Wait, Mommy. The jump is in the wrong place. Someone musta moved it …
Bret turned to look at Dad. “Do you swear Mom’s gonna wake up?”
Dad didn’t answer right away. When he finally did, it was in a quiet voice. “I can’t swear she’ll be fine, son. I can’t even swear that she’ll wake up. But I believe it with all my heart and soul, and she needs you to believe it, too.”
“I believe it.”
He said it too fast; his daddy knew he was lying.

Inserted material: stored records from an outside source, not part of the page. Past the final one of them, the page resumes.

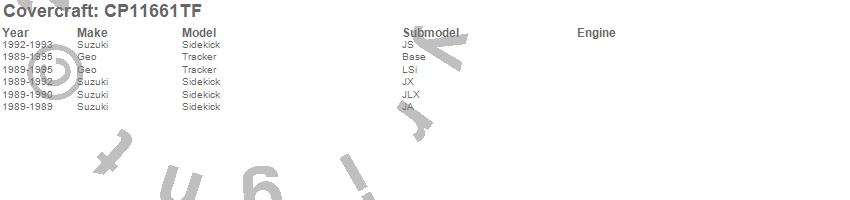 Below is an abbreviated list of applications for the Custom Cab Cooler.Sidekick, Tracker, Geo, Suzuki, 1995, 1994, 1993, 1992, 1991, 1990, 1989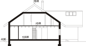 Wysokość ścianki kolankowej: 0.55 m. Strop: płyta żelbetowa. Pokrycie dachu: dachówka ceramiczna Koramic. Ściany zewnętrzne: pustaki ceramiczne Porotherm + styropian. Ściany wewnętrzne: pustaki ceramiczne Porotherm. Typ ogrzewania: kocioł na paliwo stałe. Instalacje dodatkowe: instalacja solarna. Inne: okna połaciowe Fakro, brama garażowa i drzwi Hörmann.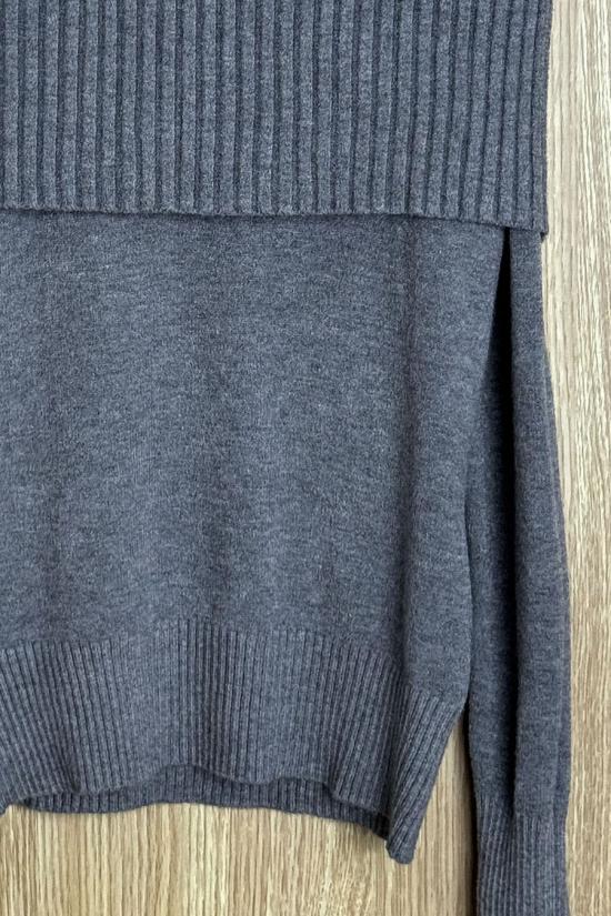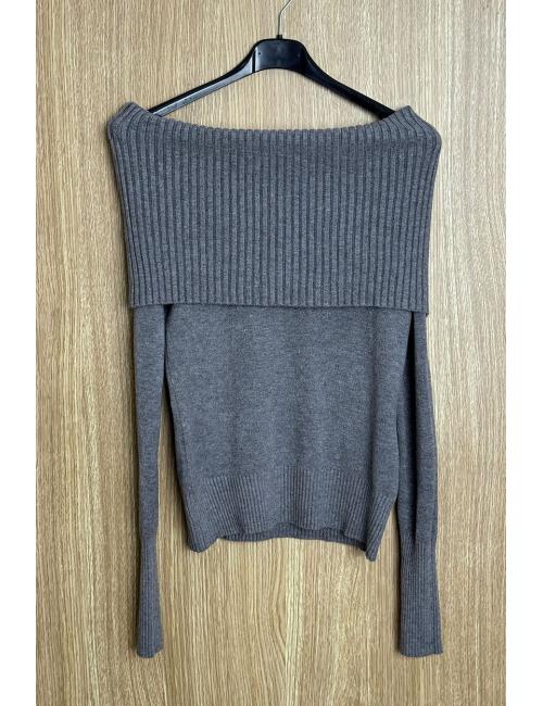 Smooth stretch knit jumper. Ribbed detailing on cuffs and collar. Bardot-style roll neck.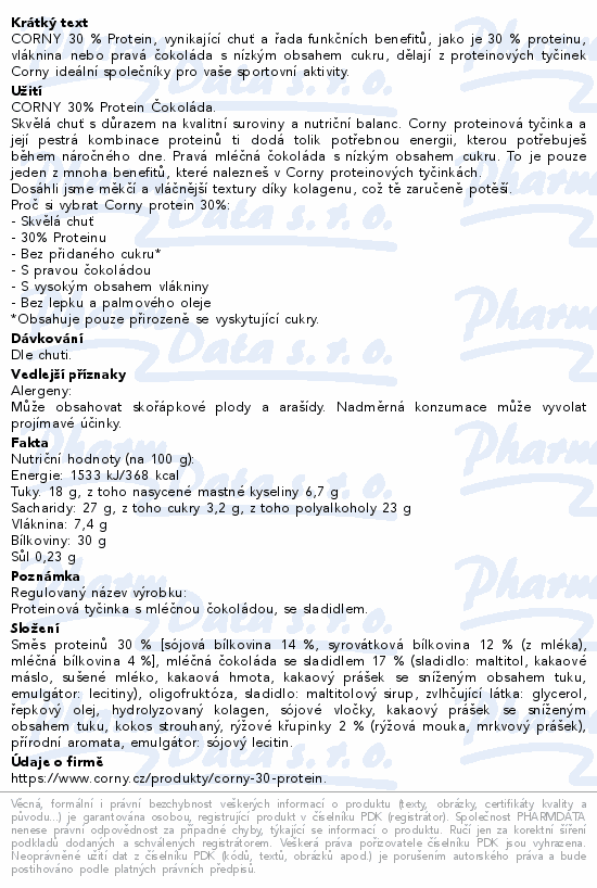 CORNY 30 % Protein, vynikající chuť a řada funkčních benefitů, jako je 30 % proteinu, vláknina nebo pravá čokoláda s nízkým obsahem cukru, dělají z proteinových tyčinek Corny ideální společníky pro vaše sportovní aktivity.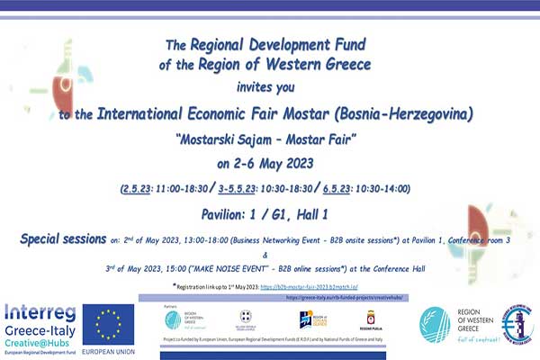 Οι Δημιουργικοί Κόμβοι της Περιφέρειας Δυτικής Ελλάδας στη Διεθνής Επιχειρηματική Έκθεση του Mostar στη Βοσνία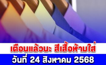 เตือนแล้วนะ สีเสื้อห้ามใส่ วันที่ 24 สิงหาคม 2568 (ความเชื่อส่วนบุคคล) Read More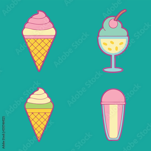 Colorful Retro Cartoon Illustration of Ice Cream Cones and Sundaes on Teal Background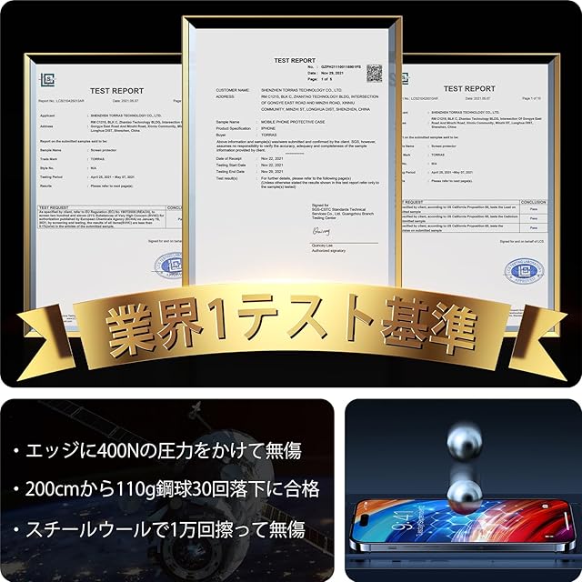 【化学強化・圧倒的な耐衝撃性】Na+/K+イオン交換技術により、表面に圧縮応力層を形成し、耐衝撃性が普通の製品より20倍も高くなる。更に、SCL緩衝層を施し、衝撃力を瞬時に分散させ、iPhone15Pro Max用ガラスフィルムの液晶画面に正面からの衝撃による割れを徹底的に防げ、本当にスクリーン保護と絶対の安心感を与える。

After that, Bret leaned his head against the window and closed his eyes. He didn’t want to see his mom lying in that hospital bed. He liked it better when he pretended she was still alive. Sometimes he could close his eyes and imagine her standing beside his bed, with her hair short and spiky around her face and her arms crossed. She’d be smiling at him, and she looked like she used to—no bruises or cuts at all. And she always said the same thing: How’s my favorite boy in the whole world?
But it was just a silly old dream, and it didn’t mean a thing. Bret might be little, and maybe sometimes he didn’t know what to do with the remainder at the end of a long-division problem, but he wasn’t stupid. He knew that fairy tales and cartoons weren’t real. Everybody knew that Wile E. Coyote couldn’t really fall from an airplane and live or that princesses who ate poisoned apples and slept in glass cases for years couldn’t wake up.
And mommies who fell off horses and cracked their heads against the wooden post at the end of the arena were really dead.